Valentine Sinemani:
All of this advice above is good, using a mysql database engine. LOAD DATA will do mass imports. My issue with it is that (I believe that) single errors will cause an entire import to fail. I work with lots of voter files on a regular basis. And I use perl, not php, as does your friend.
You mention a couple of issues:
Timeouts: get the web browser out of the way between your import script and the database engine. Try to get direct shell level access to the database. It will save you days of frustration.
pdf-ocr-csv conversion: Consider whether pdftotext (a utility a part of the xpdf library in linux) might save you the trouble of dealing with the optical character recognition work. You can handle the pdf's as simple electronic files without the need to print them and then rescan them into electronic files. This may not work depending on the nature of the pdf's you were given. You will then need to parse the resulting data into your csv format. You might find that awk and sed are at least as useful for that purpose as perl.

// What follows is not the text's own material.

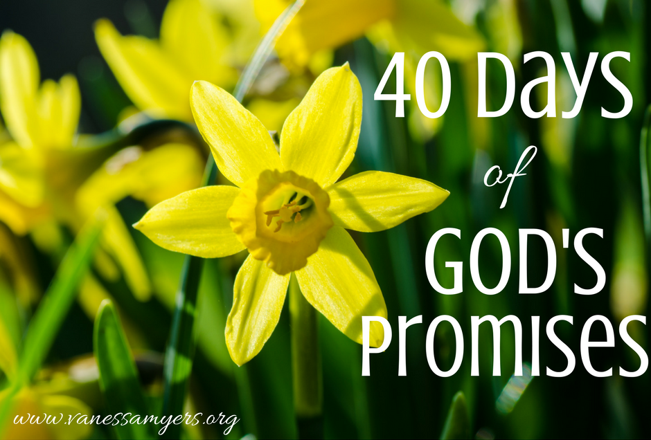 For each of the forty days of Lent I will write on one of God’s promises. If you subscribe via email to my blog, you will be getting more emails than you are used to from me! I hope that you will read each day of God’s promises to you. I pray these promises will encourage you and remind you of how magnificent and powerful our God is.

Working with the imports: My _build_insert() function below escapes the single quotes as they occur. With the caveat that I am working in perl against a postgresql database engine, while you are working in php on a mysql db engine, here is a sample script I use for voter file imports:
#!/usr/bin/perl -w
use strict;
use warnings;
use Data::Dumper;
use DBI;
my $file = '/home/hesco/lists/voters/ca/psr00693.txt';
my $db = 'voters';
my $host = '127.0.0.1';
my $user = 'vtr_user';
my $pw = 'secret';
my $dsn = "dbi:Pg:database=$db;host=$host";
my $dbh = DBI->connect($dsn, $user, $pw,
{ RaiseError => 0, PrintError => 0, AutoCommit => 0 }) o
+r die $DBI::errstr;
my $precinct_sql =<<EOQ;
SELECT precinct_ndx
FROM precinct
WHERE precinct = ? AND precinct_part = ?;
EOQ
my @fields = ();
my $counter = 0;
my $field_names;
my ($insert_reg,$sth,$prec_id);
my ($insert_address,$phone,$insert_hy,$t);
my ($m,$d,$y);
my $restart = 0;
open ('VOTERS','<',$file);
while (<VOTERS>){
$counter++;
@fields = split ",",$_; # for csv
# @fields = split "\t",$_; # for tab delimited
my($ndx);
if($counter == 1) {
foreach my $ndx (0 .. (0 + @fields)){
$fields[$ndx] =~ s/\ *$//;
$fields[$ndx] =~ s/\s*$//;
$fields[$ndx] =~ s/'/\\'/;
}
my $field_names_tmp = \@fields;
# print STDERR "\$field_names_tmp is: ", Dumper($field_names_tmp);
foreach my $i (0 .. (0 + @fields -1)){
$field_names->{'ndx'}->{$i} = $fields[$i];
$field_names->{'field_name'}->{$fields[$i]} = $i;
}
# print "\$field_names is: \n", Dumper(\$field_names);
foreach my $i (0 .. (0 + @fields -1)){
print "$i -- $fields[$i]\n";
}
next;
}
# registrants table
my @reg_indexes = (0,1,25,2,3,4,5,5,26,27,28,29,30,31,34,35,36,39);
my @hy_indexes = (1,58,59,60,61,62,63,64,65);
my @addr_indexes = (1,6,7,8,9,10,11,12,13,14,15,16);
# define the indexes for any other tables
# into which you want to normalize this data
$sth = $dbh->prepare($precinct_sql);
$sth->execute($fields[32],$fields[33]);
($prec_id) = $sth->fetchrow_array();
if(!defined($prec_id)){ $prec_id = -1; }
$insert_reg = "INSERT INTO registrant VALUES(";
$insert_reg = _build_insert(\@fields,$insert_reg,@reg_indexes);
$insert_reg =~ s/,$/,$prec_id);/;
# print "\$insert_reg is: " . $insert_reg . "\n";
# print "registrant_id is: " . $fields[1] . ":";
$sth = $dbh->prepare($insert_reg);
$sth->execute() or warn "\$sql is: $insert_reg, error is: " . $dbh->
+errstr;
print "\$registrant_id is: " . $fields[1] . "\t" . $phone . "\n"; #
+, $insert_hy,"\n";
$dbh->commit;
}
1;
sub _build_insert {
my($fields, $insert, @indexes) = @_;
foreach my $field (@indexes){
unless(defined($fields[$field])){
$insert .= "'',";
next;
}
$fields[$field] =~ s/\ *$//;
$fields[$field] =~ s/\s*$//;
$fields[$field] =~ s/'/\\'/;
$insert .= "'$fields[$field]',";
}
return $insert;
}
This is the basics. Its simple and proceeds by brute force, one record at a time. Its willing to permit an occasional error fall by the way side, while it continues to process records. By adding a condition early on to check for a particular precinct or political party, I am able to import only the records I need. I used a variation on this script last week and imported 50,000 records in about an hour.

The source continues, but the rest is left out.